The U.S.’s national college completion rate has remained stagnant, with rates even falling for some populations, according to a new report from the National Student Clearinghouse Research Center (NSCRC).
The Completing College 2023 report – the 12th report in the series – tracked and illustrates trends in six-year college completion rates, both on a national and state-by-state basis. This year’s edition examined enrollment and completion for college students who started in Fall 2017 through June 2023, a cohort of approximately 2.4 million students.
NSC’s researchers found that, on a national level, the six-year completion rate for students who began college in Fall 2017 was 62.2%, the same as those who began in Fall 2015.
“Completion rates for the nation have stalled overall,” said NSCRC executive director Dr. Doug Shapiro, vice president of research. “They’ve been essentially flat for the third year in a row now. And that’s following five years of gains prior.”
The 62.2% includes 11% of students who transferred and completed their credential at a different school from where they started, he said.
Differentiated by school type, the trends demonstrated more fluctuation. All the four-year college sectors – public four-year, private nonprofit four-year, and private for-profit four-year – saw declines when compared with outcomes from the 2015 cohort, with decreases ranging from 0.4% to 1.6%. Public two-year schools, however, saw a 1.2% increase in the same period.
These general sector trends held true for the Fall 2016 cohort as well, with public two-year colleges being the only sector to see some improvement, 43.1% to 43.4%.
“What appears to account for this decline at four-year institutions is not that more students are taking longer than six years to finish,” Shapiro said. “When we compare the six-year rates and eight-year rates, and we look at who’s still enrolled at the end of six years, what we see is that more students are stopping out altogether.
“So we’re not saying the pandemic seems to have slowed these students down and they’re likely to take longer to finish. … That doesn’t look like the case. What we’re seeing is that more have stopped out altogether.”
Approximately 710,000 students from the 2.4 million-student cohort stopped out, meaning they are no longer enrolled anywhere, said Jennifer Causey, senior research associate at the NSC.
On a state level, six-year completion rates rose in more than half of U.S. states, the report authors found. Nine states saw increases of 1% or more, a rise from the 2016 cohort’s five. Meanwhile, four states saw declines of 1% or more, Causey said.
States that had rates rise from the previous year include Arizona, Colorado, Maryland, Michigan, and Virginia. Georgia, Florida, New York, and Massachusetts were some of the states that instead saw declining six-year completion rates.

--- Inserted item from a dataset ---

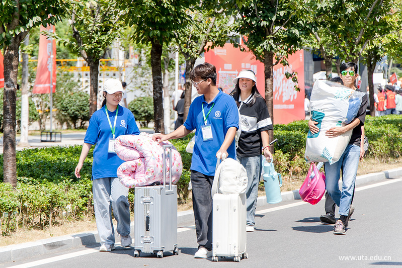 报到现场,学生处、团委、网络信息中心、后勤管理处、保卫处等部门周密部署、统筹安排;各二级学院精心布置场地,各具特色、新意十足;近千名志愿者按照“一对一,点对点”的方式,为新生提供咨询引导、搬运行李等服务,为新生报到保驾护航。

Similar stagnation was discernable for various racial and ethnic demographics. Asian, white, Hispanic student completion rates stayed about the same from last year. Black students saw a 0.5% decrease – 43.9% to 43.4% – and Native American students faced the largest decrease of the period, 2%, from 49.5% to 47.5%.

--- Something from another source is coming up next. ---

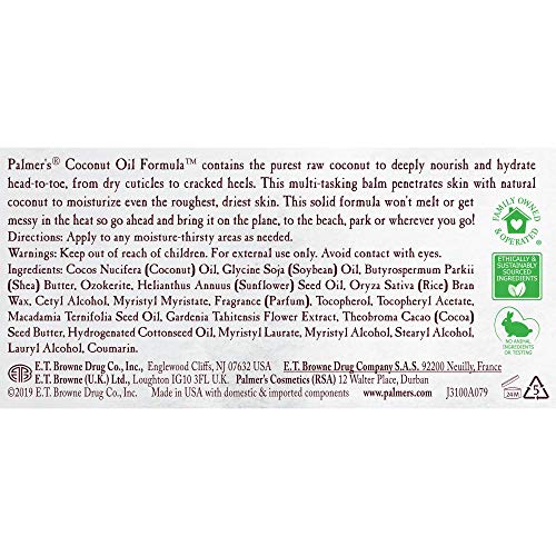 Hydrate and replenish skin with Palmer's Coconut Oil Formula daily body balm, crafted with antioxidant-rich Coconut Oil and Green Coffee Extract for radiant, healthy-looking skin. This moisturizing body lotion for dry skin delivers luxurious long lasting moisture for decadently pampered skin all day long. Proudly made in U.S.A., Palmer's has been a trusted brand for over 180 years, providing high-quality natural products that are passed down from generation to generation. America's #1 Coconut Oil Skin Care brand Palmer's Coconut Oil Formula uses the highest quality natural ingredients for superior moisturization head-to-toe.
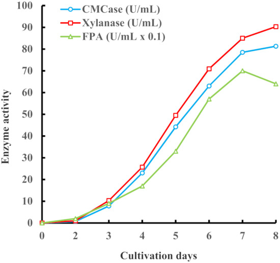 Traces of cellulase and xylanase activity were detected after two days of fungus cultivation (Figure 2). Thereafter, intense secretion of polysaccharide-hydrolyzing enzymes was observed. The activity of endoglucanase and xylanase reached its maximum after 8 days of fermentation, while FPA was picked on the seventh day of I. lacteus cultivation. The enzyme preparation (210 mL) isolated from the culture liquid contained 1710 U/mL CMCase, 2090 U/mL xylanase, and 150 U/mL FPA.

“The declines and stalled completion rates were [the case for] students of all race and ethnic categories,” Shapiro said.
Continuing trends all the way back to 2011, Asians continue to have the highest six-year college completion rates (74.8%), followed by white students (68.5%).
In terms of gender, outcomes from the fall 2017 cohort gave rise to the widest gender gap in completion rates since 2008 – a 7.2% gap compared to 2008’s 7% gap. As an overall constant though, women continue to complete their postsecondary pursuits at higher rates than men.
Older college students – those older than age 24 – seem to be finishing college at gradually higher rates, now at 52% from 2015’s 50.5%. On the other hand, younger students – those either 20 and younger or between 21-24 – exhibited more or less the rates that the fall 2015 cohort did, with slight decreases.
Additionally, the researchers looked at completion rates for students who began their postsecondary pursuits in 2015, finding that the national eight-year completion rate also saw a decline, from 65.2% to 64.7%.